> **EXERCISE BRIEF**:
Please copy out the entries below exactly, beginning with the line that contains "Реши задачу.В снег" and ending with the line that contains "Cinnamon Bear is", and include nothing outside that span.

> **SOURCE DATA**:
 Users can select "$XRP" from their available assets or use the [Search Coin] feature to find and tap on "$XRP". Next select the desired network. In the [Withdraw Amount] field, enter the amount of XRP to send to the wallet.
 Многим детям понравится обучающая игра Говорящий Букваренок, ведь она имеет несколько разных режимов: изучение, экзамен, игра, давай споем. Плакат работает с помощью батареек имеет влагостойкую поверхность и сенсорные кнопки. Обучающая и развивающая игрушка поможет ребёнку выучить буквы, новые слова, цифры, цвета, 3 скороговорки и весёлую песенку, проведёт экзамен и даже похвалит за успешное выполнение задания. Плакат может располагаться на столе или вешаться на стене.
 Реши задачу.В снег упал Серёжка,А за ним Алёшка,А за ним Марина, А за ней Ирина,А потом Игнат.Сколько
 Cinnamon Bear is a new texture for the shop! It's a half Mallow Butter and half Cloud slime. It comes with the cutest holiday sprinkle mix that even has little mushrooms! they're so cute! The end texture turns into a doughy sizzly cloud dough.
...
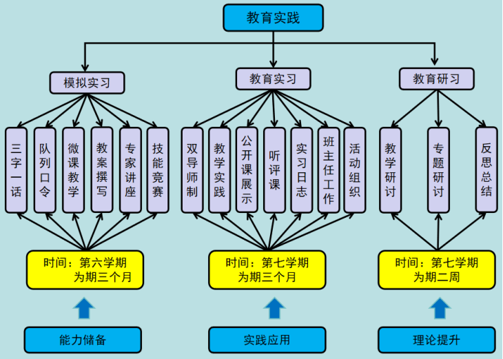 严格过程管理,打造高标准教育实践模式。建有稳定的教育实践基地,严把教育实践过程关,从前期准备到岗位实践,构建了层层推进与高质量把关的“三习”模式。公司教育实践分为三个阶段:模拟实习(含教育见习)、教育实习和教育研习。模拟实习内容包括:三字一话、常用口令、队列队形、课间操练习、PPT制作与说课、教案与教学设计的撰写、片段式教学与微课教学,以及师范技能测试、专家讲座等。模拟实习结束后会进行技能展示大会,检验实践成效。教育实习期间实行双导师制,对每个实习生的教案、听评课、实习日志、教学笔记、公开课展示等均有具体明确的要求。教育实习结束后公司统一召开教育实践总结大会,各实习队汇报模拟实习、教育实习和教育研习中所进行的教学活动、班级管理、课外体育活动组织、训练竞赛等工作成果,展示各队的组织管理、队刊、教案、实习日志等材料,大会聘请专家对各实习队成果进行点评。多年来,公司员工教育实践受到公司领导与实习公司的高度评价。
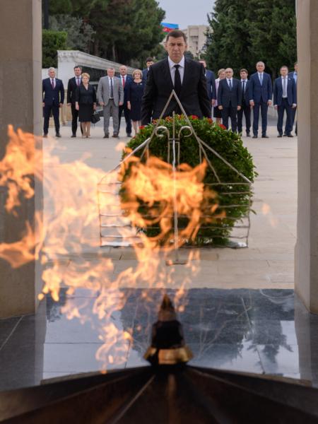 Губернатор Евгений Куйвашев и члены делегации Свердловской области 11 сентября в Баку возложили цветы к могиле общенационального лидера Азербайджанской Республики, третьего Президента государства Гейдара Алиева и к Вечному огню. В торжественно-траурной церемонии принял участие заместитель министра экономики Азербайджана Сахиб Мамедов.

> **WRITTEN REPLY**:
 Реши задачу.В снег упал Серёжка,А за ним Алёшка,А за ним Марина, А за ней Ирина,А потом Игнат.Сколько
 Cinnamon Bear is a new texture for the shop! It's a half Mallow Butter and half Cloud slime. It comes with the cutest holiday sprinkle mix that even has little mushrooms! they're so cute! The end texture turns into a doughy sizzly cloud dough.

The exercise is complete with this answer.